Antonio Rafael da Silva; Édson Gustavo Lima Portela; Wilma Batista de Matos; Camila Cristina Bastos Silva; Eloisa da Graça do Rosario Gonçalves

Centro de Referência em Doenças Infecciosas e Parasitárias, Departamento de Patologia, Universidade Federal do Maranhão, São Luis, MA

DOI: 10.1590/S0037-86822007000600012


RESUMO

O estudo teve o objetivo de determinar o coeficiente de detecção da hanseníase na população estudantil do município de Buriticupu, Estado do Maranhão. Empregou-se o método de busca ativa de casos, abrangendo-se uma população de 14.653 estudantes, em 53 escolas da rede de ensino municipal. O exame clínico definiu o diagnóstico de hanseníase em 20 estudantes, o que representa um coeficiente de detecção de 13,6/10.000 estudantes.

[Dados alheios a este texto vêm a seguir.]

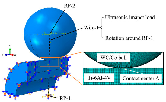 The USRP was simulated by the ABAQUS/Explicit Finite element software (ABAQUS 2020), and the finite element model was established, as shown in Figure 8. The model of the workpiece was configured as a quarter of the hollow bar with an outer diameter of 20 mm and an inner diameter of 4 mm. The mesh size of the contact region between the rolling ball and the workpiece surface was refined to 50 μm × 50 μm for the purpose of minimizing computation time. The mechanical and thermal properties of the rolling ball are shown in Table 4. The elastic modulus of the rolling ball was much larger than the Ti-6Al-4V alloy, thus defining the rolling ball as an un-deformable rigid body. The thermo-physical properties of the rolling ball and the friction coefficient between the cemented carbide rolling ball and the Ti-6Al-4V workpiece could affect the temperature in the contact area during USRP. The friction coefficient between the WC/Co cemented carbide and Ti-6Al-4V was measured as 0.3 [32]. The other simulation settings were as follows: (1) Setting reference point 1 (RP-1) and reference point 2 (RP-2) at the center of the workpiece and the center of the rolling ball, respectively; (2) Creating a coupling constraint between the workpiece and RP-1; (3) Fixing the reference point 1 (RP-1) completely; (4) Setting a line constraint (Wire-1) between RP-1 and RP-2. An ultrasonic impact load was applied to Wire-1, which consisted of the static load and dynamic ultrasonic impact loads. The line constraint (Wire-1) rotated around RP-1. The simulation parameters were consistent with the parameters of the actual USRP test in Table 3; (5) Node A was placed in the center of the contact area, which was used to assess the evolution of the temperature and strain rate of the workpiece during USRP. Moreover, the J-C model was selected to describe the mechanical properties of Ti-6Al-4V, which was defined as follows: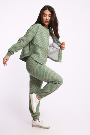 Костюм женский трикотажный. Легкая и приятная ткань. Костюм состоит из двух частей: Джемпер на молнии свободного покроя и брюки джоггеры. Костюм из ткани футер 2-х нитка, без начеса. Незаменим на прогулке, в путешествиях, в самолете, при занятиях спортом и фитнесом. Этот костюм с брюками займет особое место в вашем гардеробе. Рекомендуем бережную стирку при температуре не более 30 градусов.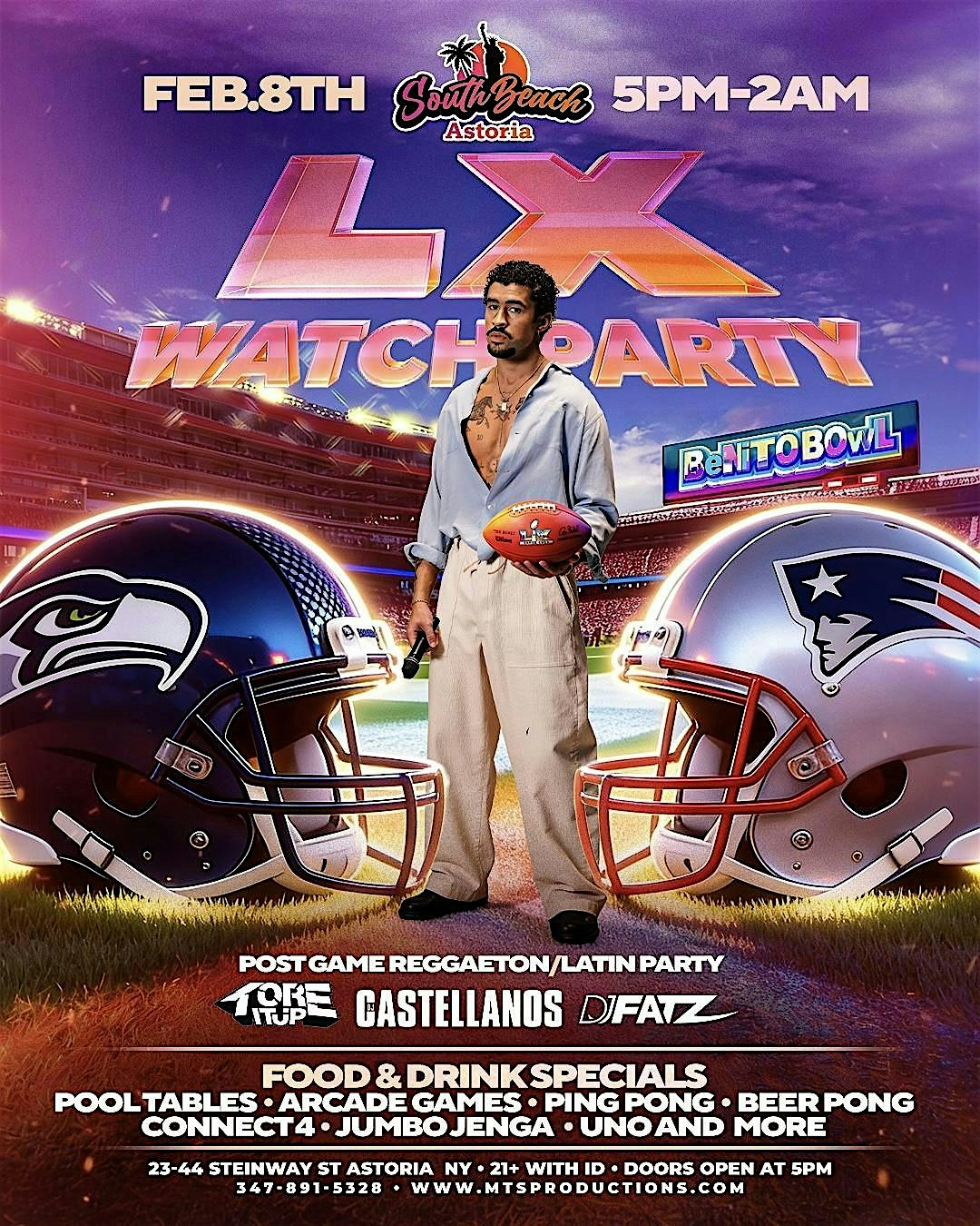 Bad Bunny Super Bowl Watch Party + Afterparty in Astoria NYC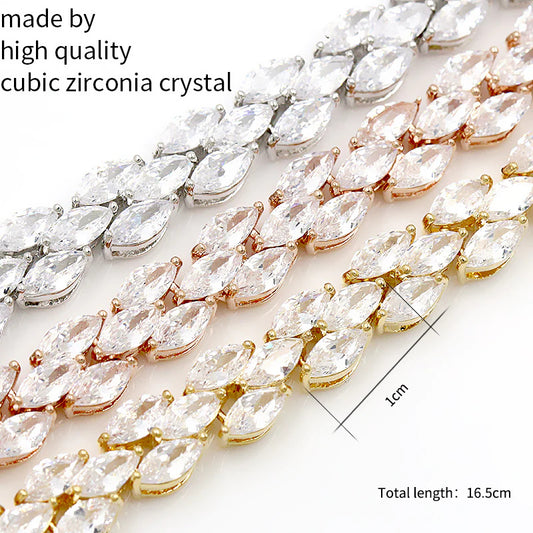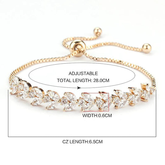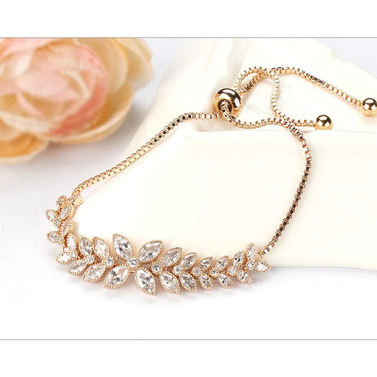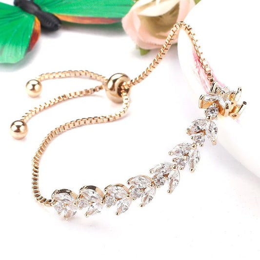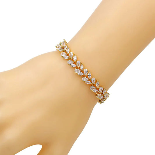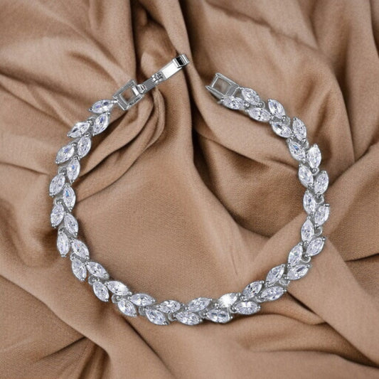 White Gold Platinum Crystal Leaf Ladies Bracelet

Em todos foi realizada baciloscopia de linfa cutânea, a qual foi positiva em 2 amostras. A forma clínica predominante foi a indeterminada com 12 (60%) casos, seguida da tuberculóide com 5 (25%) e da dimorfa com 3 (15%). Procedeu-se a realização de biópsia da lesão em 11 pacientes, tendo o estudo histopatológico revelado achados comuns de hiperceratose, infiltrado inflamatório mononuclear, vasos ectásicos e músculo eretor de pêlos, isolado. O estudo permitiu, ainda, a identificação de outras doenças infecciosas da pele: pitiríase versicolor em 793, escabiose em 361 e dermatofitoses em 119 indivíduos. Condições diversas e inespecíficas como cicatrizes, nevos e escoriações foram detectadas em 1.020 estudantes.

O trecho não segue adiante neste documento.